From Gianluigi’s vision of space, to Matteo’s manual dexterity and design skills, to Federico’s digital and communicative perspective. The men of the Rossi family have built and are developing, together, a path and an identity in the world of space design, interior decoration, renovations, custom-made, from private villas to contract. From the Coloniale store to Forma Design, to Spazio Giustiniani.
ORLANDO: Let’s start with the head of the family, Gianluigi. Tell us where you started from and your first work experiences.
GIANLUIGI ROSSI: It’s as if I had lived seven lives…
I was born an electronics expert. Since I was a very exuberant boy, my mother sent me to America when I was 17, where I went to high school and, on my return, perhaps because I spoke English well, Marconi hired me.
They were supposed to send me abroad, to Baghdad, but then war broke out and they sent me to Milan, to the airport, where I spent eleven years as a technician in the radio room.
That life allowed me to have a family when I was young and we had Matteo.
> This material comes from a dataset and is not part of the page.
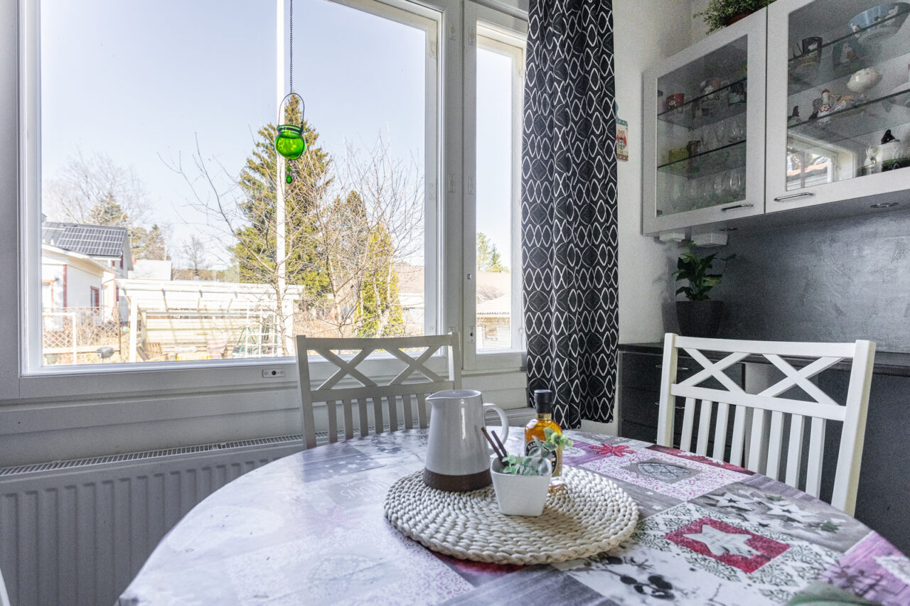 Lannemäentie 38:ssa sijaitseva viehättävä rintamamiestalo tarjoaa toimivaa tilaa ja kodikasta tunnelmaa kolmessa kerroksessa. Yläkerrasta löytyy kaksi reilunkokoista makuuhuonetta, joista toisen yhteydessä on erillinen tila, joka soveltuu mainiosti esimerkiksi työpisteeksi. Valokuituyhteys takaa sujuvan arjen myös etätyössä. Lappeiden alle sijoittuvat säilytystilat tuovat runsaasti käytännöllistä lisätilaa. Keskikerros toimii kodin sydämenä: valoisa olohuone, tunnelmallinen huone takalla ja leivinuunilla (2006) sekä vuonna 2013 runkoa myöten uusittu keittiö muodostavat viihtyisän kokonaisuuden arkeen ja yhdessäoloon. Kellarikerroksessa sijaitsee vuonna 2009 uusittu saunaosasto, jossa on puukiuas, kylpyhuone kahdella suihkulla sekä tilava kodinhoitohuone. Lisäksi kellarista löytyy iso harrastehuone, josta on kulku autotalliin, jossa on myös rasvamonttu; erinomainen ratkaisu autoilijalle tai harrastajalle. Wc-istuin löytyy jokaisesta kerroksesta, mikä lisää asumismukavuutta.

I had pursued the electronics path by choice of my father, because it was a profession where it was easy to find work, but I didn’t feel it was in my DNA; my passion at the time was photography, marketing. The experience in Milan had been wonderful, but I didn’t enjoy the work and I gave it all up by inventing a job that didn’t exist, taking a big risk.
I went to work for a fledgling company that dealt with photography, cinema, communication. It was a very quick adventure but it put me in contact with two realities that have meant a lot to me in life. The first was a printing company in Genoa, the Azienda Litografica Genovese. whose owner took me under his wing and wanted me to work with him and made me, later on, administrator. At the same time as this role, I was developing a communication agency with the other person who was very significant in my life, who was the managing director of the company LA Gear which produced sports shoes that were coming from the United States. So I was following both realities: the print shop and I was the marketing director of this shoe with extraordinary performance. Of LA gear I was in charge of the Italian and French market…we had testimonials like Kareem Abdul Jabbar, Michael Jackson signing the shoes. Even this wonderful adventure for which I became one of the youngest managers at the age of 30, came to an end because the company went into Chapter 11 in America.
I found myself in a situation where I had to change again and I had some opportunities open to me but which I didn’t feel were mine, so I stayed in Liguria and invented a trade fair that was born out of sport and is called Sportshow Italia.


MATTEO ROSSI: We saw the possibility of opening the Coloniale shop thanks to a trade fair, where we
met companies that were making garden furniture and, at the same time, importing objects from the Orient, from Morocco, from Indonesia. We chose an abandoned carpentry shop as the location for the shop and put in a series of furniture that these companies had given us on consignment.
First we made a selection, then the fun game was to reinterpret the pieces in a complete, room-oriented way, not like a classic furniture store, but following the Ikea concept.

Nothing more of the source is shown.